## Work required
Restate the listing word for word. Stop at the line that holds "贵阳市2025年高三年级适应性考试(一)语文试题及答案", include it, and leave out all pictures.

## Given material
-*-*-

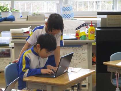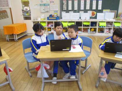 今、全校で夢作文にチャレンジしています。1年生は、初めての取組です。一人1台端末を使って下書きをして、書いたものを読み合いました。
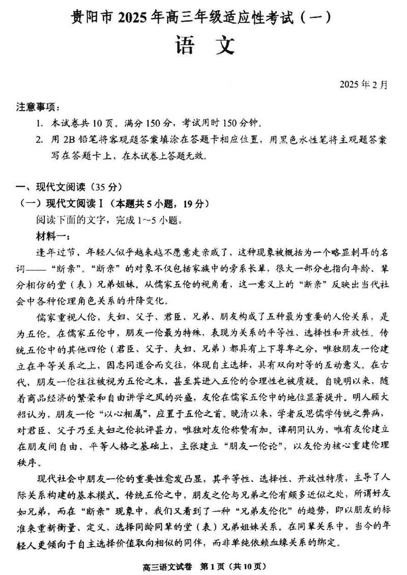 贵阳市2025年高三年级适应性考试(一)语文试题及答案
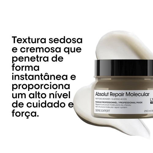 Esta máscara concentrada com uma tecnologia patenteada, formulada com reparador de ligações + 5 aminoácidos, repara 2 anos de danos e preenche as camadas moleculares do cabelo. O cabelo fica mais forte (+94% de força), com movimento e mais 85% de suavidade. Restaura a força, a elasticidade e o movimento.

-*-*-

## Reply to the task
 今、全校で夢作文にチャレンジしています。1年生は、初めての取組です。一人1台端末を使って下書きをして、書いたものを読み合いました。
 贵阳市2025年高三年级适应性考试(一)语文试题及答案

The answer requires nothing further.